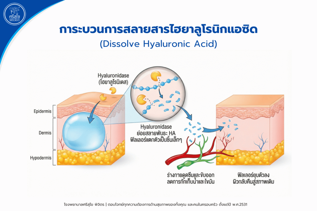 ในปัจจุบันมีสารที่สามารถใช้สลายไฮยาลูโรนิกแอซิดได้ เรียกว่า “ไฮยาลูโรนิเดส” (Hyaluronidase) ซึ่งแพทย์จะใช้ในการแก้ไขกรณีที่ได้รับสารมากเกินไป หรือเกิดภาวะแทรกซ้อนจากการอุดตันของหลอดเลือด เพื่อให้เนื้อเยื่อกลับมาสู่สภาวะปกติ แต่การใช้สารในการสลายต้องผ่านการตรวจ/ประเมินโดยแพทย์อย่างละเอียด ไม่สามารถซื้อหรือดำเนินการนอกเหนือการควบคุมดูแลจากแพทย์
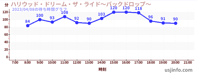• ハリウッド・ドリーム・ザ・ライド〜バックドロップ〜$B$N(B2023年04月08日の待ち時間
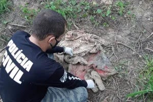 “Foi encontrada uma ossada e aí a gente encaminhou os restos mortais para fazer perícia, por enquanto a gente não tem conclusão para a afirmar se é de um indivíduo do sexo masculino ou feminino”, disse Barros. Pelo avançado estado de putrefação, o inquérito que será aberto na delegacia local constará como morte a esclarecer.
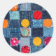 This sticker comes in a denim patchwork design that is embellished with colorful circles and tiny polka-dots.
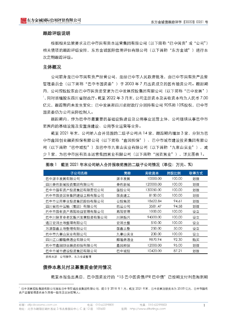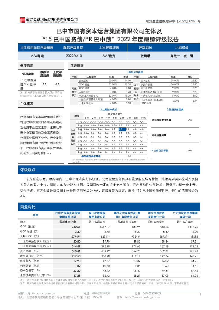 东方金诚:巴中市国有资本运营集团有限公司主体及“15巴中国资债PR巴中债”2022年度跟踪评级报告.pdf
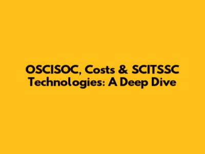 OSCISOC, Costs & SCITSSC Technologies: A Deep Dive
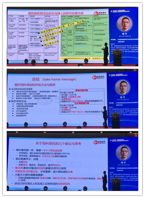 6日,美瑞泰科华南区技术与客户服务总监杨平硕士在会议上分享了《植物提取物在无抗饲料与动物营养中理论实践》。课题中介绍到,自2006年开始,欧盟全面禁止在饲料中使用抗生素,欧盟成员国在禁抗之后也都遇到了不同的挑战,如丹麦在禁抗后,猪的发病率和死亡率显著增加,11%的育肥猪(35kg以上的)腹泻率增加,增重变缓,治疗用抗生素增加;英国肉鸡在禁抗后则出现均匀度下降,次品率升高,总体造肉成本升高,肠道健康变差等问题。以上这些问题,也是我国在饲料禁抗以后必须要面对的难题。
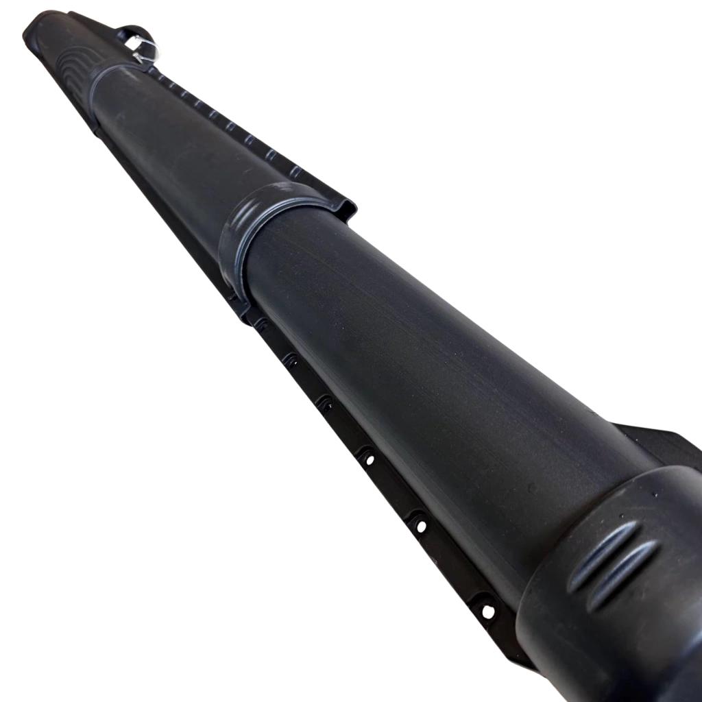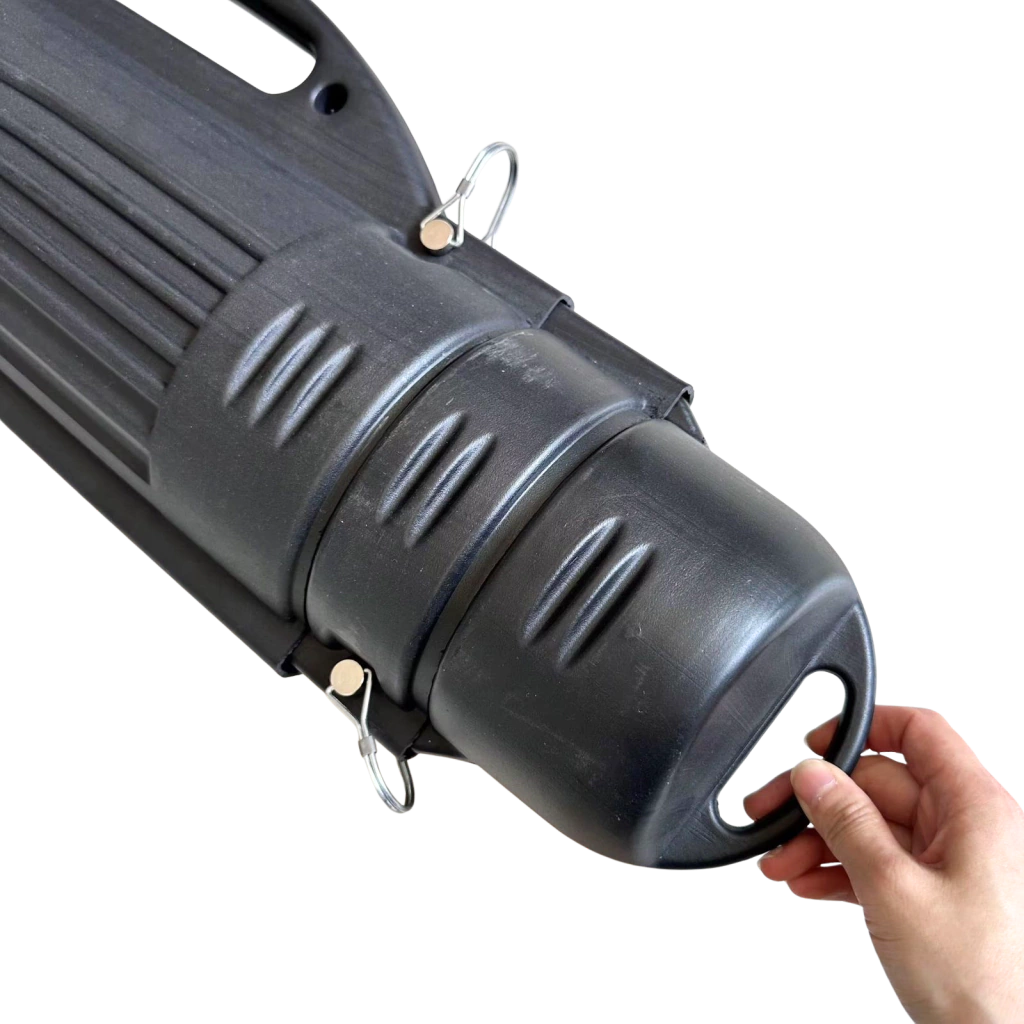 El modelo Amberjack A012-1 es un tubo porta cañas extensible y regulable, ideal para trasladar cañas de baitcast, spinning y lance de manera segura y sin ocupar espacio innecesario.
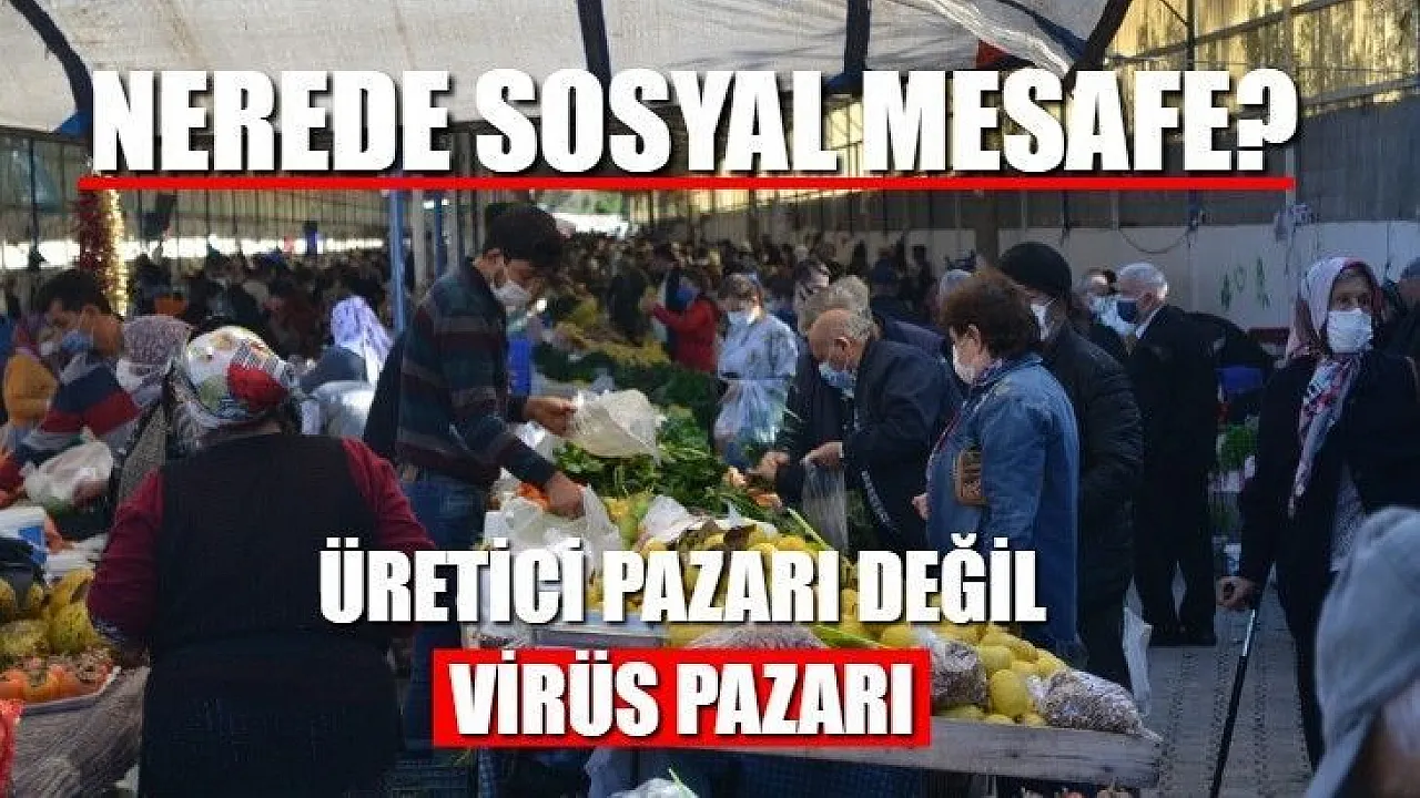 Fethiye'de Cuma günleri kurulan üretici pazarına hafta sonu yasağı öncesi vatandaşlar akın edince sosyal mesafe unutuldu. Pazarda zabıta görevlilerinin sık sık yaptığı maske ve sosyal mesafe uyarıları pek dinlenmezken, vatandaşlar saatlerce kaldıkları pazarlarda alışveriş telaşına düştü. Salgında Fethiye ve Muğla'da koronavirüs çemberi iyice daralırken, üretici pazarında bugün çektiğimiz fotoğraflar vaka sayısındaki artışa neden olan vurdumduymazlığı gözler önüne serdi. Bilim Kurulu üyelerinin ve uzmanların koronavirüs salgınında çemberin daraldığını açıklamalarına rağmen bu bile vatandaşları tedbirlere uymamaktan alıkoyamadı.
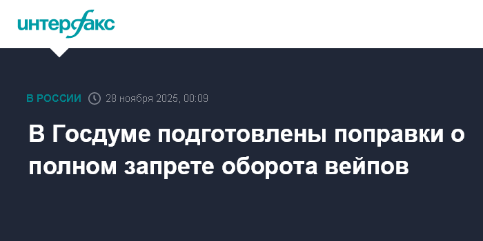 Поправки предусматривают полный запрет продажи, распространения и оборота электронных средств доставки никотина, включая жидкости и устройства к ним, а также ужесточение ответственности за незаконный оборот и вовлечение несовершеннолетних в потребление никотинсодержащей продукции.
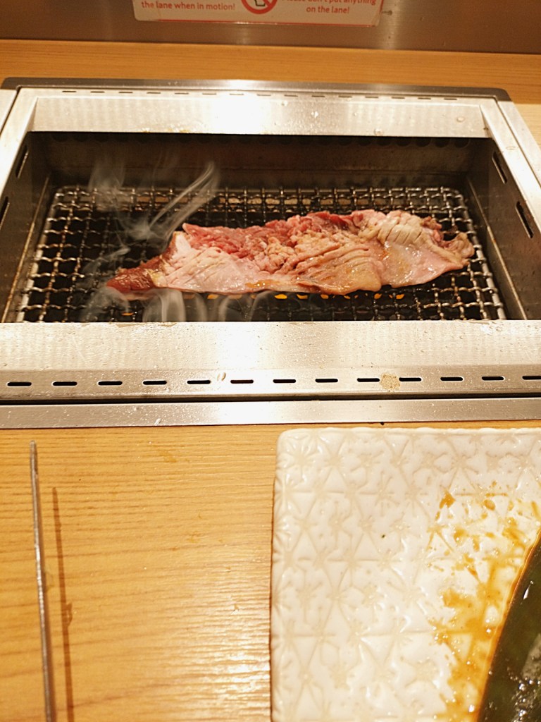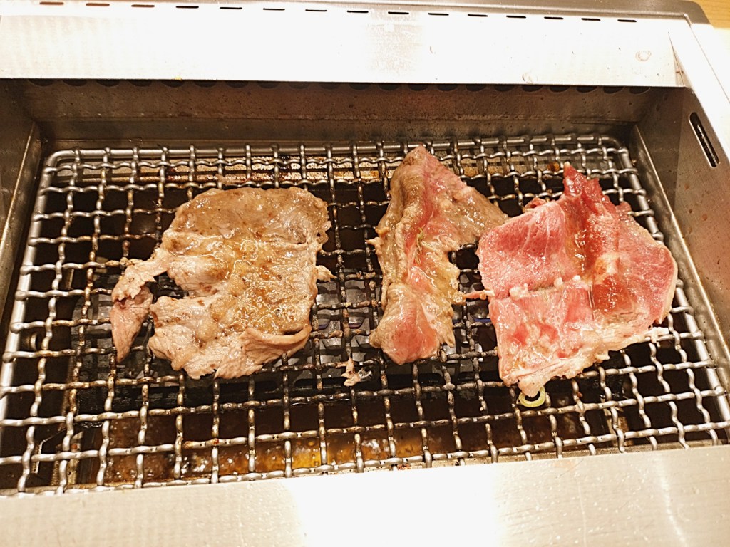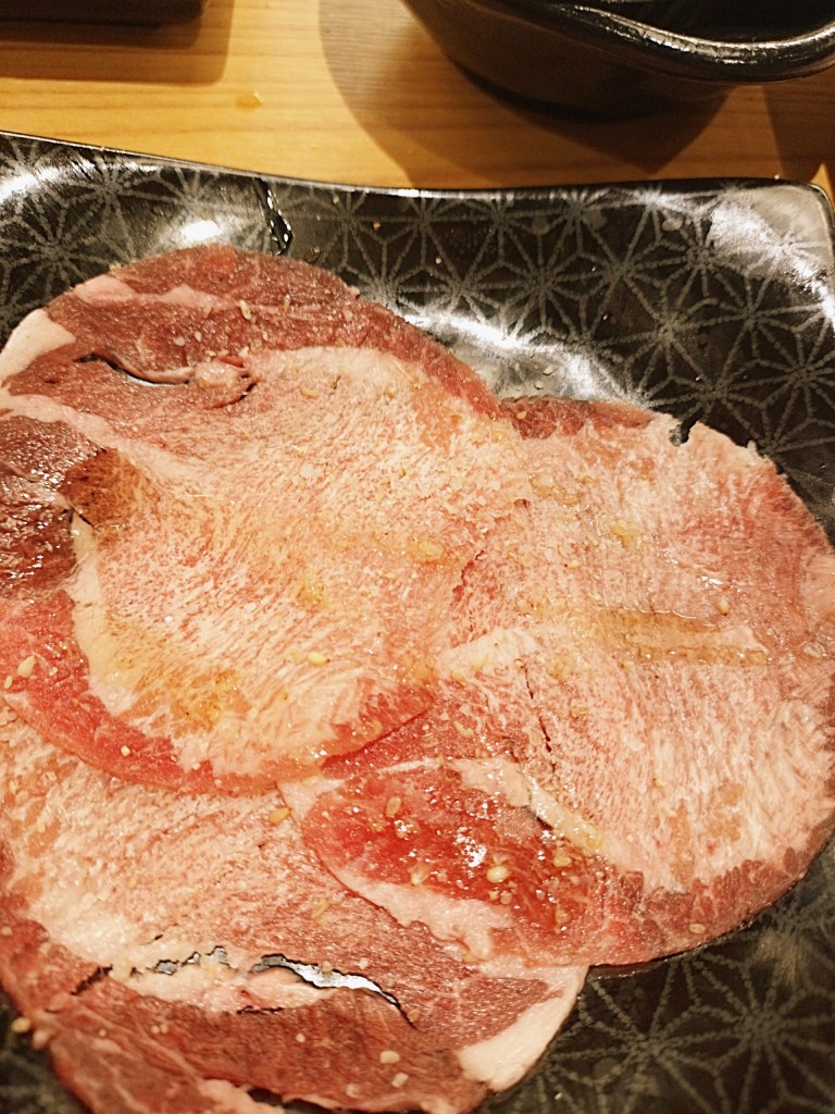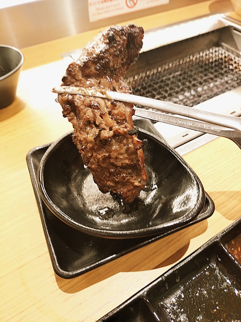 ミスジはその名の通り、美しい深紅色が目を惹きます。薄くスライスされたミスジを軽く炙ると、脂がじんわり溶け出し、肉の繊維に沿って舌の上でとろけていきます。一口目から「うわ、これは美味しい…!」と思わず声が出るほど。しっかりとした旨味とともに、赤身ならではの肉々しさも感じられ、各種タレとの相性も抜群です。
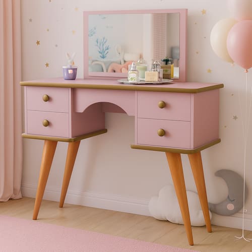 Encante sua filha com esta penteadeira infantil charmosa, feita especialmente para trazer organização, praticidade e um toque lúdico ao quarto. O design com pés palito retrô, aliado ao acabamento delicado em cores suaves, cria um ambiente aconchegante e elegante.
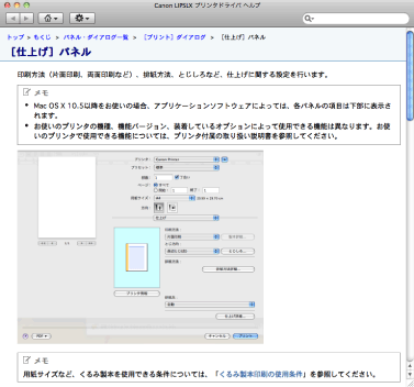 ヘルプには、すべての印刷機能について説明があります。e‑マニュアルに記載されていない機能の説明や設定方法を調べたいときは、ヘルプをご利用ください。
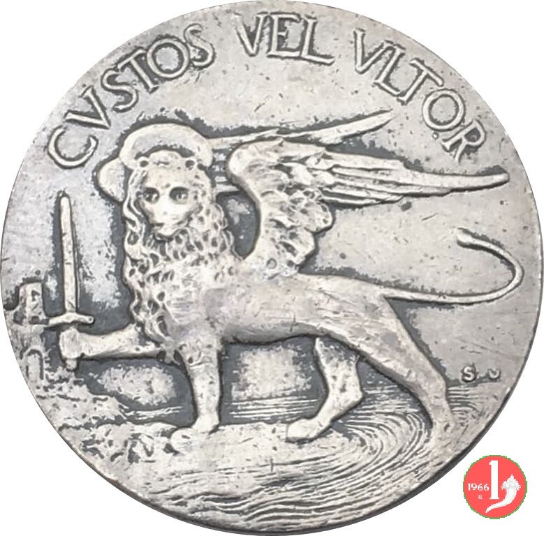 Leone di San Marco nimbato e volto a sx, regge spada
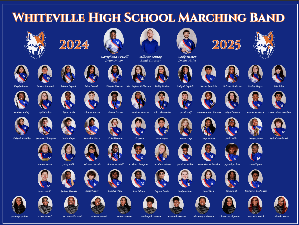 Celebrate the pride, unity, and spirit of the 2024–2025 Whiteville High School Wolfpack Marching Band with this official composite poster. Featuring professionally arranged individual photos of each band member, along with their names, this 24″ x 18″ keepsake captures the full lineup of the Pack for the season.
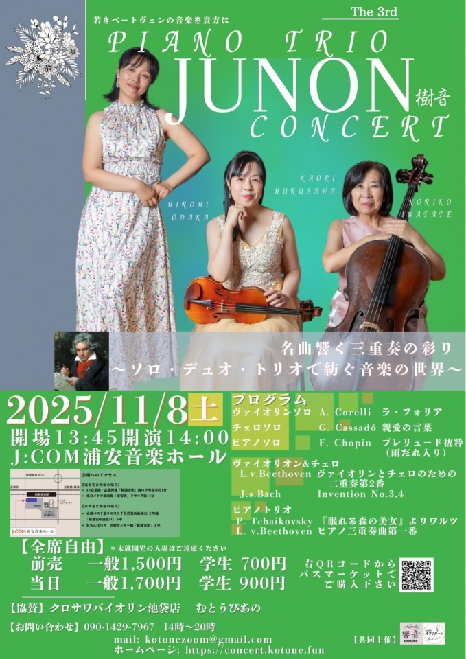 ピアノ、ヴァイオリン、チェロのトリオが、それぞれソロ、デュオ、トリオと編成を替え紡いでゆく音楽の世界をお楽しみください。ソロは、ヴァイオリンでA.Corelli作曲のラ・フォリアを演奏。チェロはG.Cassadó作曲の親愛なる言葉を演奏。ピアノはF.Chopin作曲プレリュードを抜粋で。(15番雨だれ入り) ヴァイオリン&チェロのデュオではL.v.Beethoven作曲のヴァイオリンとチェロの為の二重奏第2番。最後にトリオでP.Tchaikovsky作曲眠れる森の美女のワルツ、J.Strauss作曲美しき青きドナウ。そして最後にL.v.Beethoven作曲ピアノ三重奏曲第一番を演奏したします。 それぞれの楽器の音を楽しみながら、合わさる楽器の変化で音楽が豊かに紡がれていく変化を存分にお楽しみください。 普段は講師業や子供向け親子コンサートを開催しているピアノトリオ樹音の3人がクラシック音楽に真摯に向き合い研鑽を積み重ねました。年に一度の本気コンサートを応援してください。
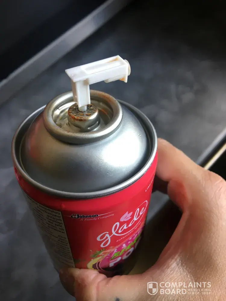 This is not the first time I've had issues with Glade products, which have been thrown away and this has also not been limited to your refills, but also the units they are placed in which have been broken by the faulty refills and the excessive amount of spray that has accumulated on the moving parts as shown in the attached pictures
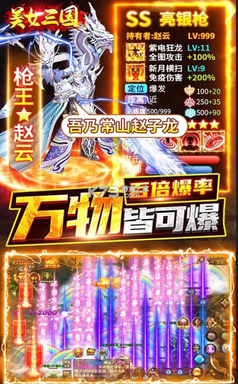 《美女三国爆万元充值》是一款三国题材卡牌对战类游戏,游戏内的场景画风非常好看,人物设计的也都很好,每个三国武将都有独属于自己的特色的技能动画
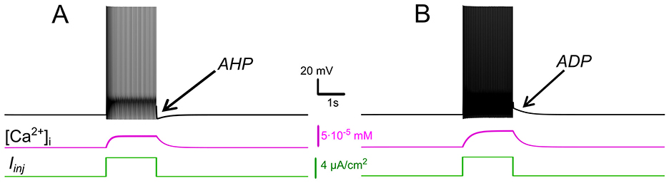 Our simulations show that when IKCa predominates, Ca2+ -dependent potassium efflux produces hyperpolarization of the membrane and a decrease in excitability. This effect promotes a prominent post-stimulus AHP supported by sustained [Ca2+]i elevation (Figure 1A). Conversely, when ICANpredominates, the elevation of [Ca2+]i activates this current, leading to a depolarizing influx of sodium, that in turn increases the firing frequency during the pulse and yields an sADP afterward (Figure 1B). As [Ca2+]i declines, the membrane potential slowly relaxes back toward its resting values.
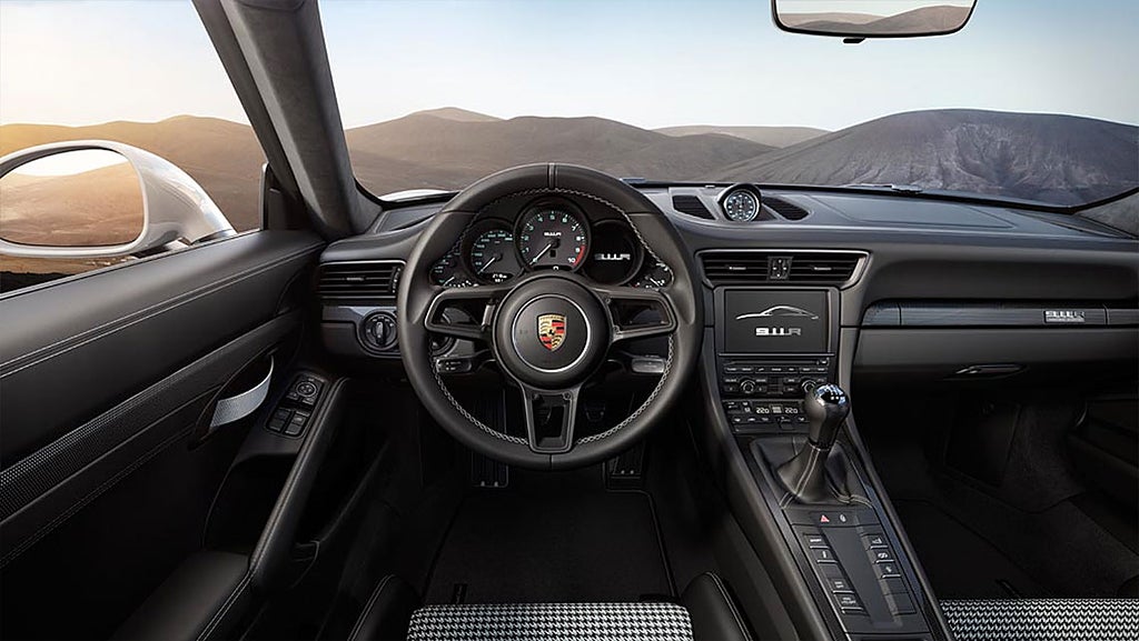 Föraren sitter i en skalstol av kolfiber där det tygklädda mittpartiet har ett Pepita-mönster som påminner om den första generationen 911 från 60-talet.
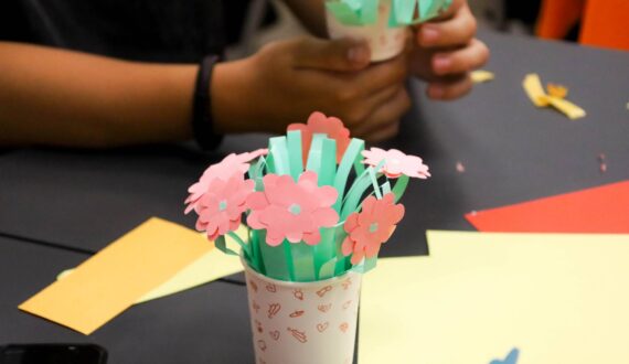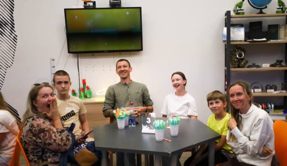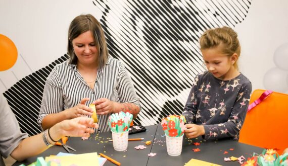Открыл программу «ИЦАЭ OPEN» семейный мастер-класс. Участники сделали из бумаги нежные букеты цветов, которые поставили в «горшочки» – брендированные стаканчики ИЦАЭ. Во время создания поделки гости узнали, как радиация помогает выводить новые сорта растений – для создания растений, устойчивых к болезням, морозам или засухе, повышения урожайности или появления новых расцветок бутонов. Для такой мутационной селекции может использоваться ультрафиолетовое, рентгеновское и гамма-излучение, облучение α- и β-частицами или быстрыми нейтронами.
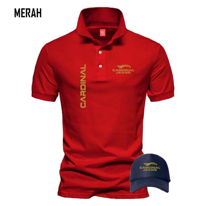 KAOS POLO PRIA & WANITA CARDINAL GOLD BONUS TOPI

**Try it:** Return exactly the lines that appear in the data above between the line containing "ヘルプには、すべての印刷機能" and the line containing "Celebrate the pride, unity, and", both of which are included, and leave the pictures out.

**Answer for the task:**
 ヘルプには、すべての印刷機能について説明があります。e‑マニュアルに記載されていない機能の説明や設定方法を調べたいときは、ヘルプをご利用ください。
 Leone di San Marco nimbato e volto a sx, regge spada
 Celebrate the pride, unity, and spirit of the 2024–2025 Whiteville High School Wolfpack Marching Band with this official composite poster. Featuring professionally arranged individual photos of each band member, along with their names, this 24″ x 18″ keepsake captures the full lineup of the Pack for the season.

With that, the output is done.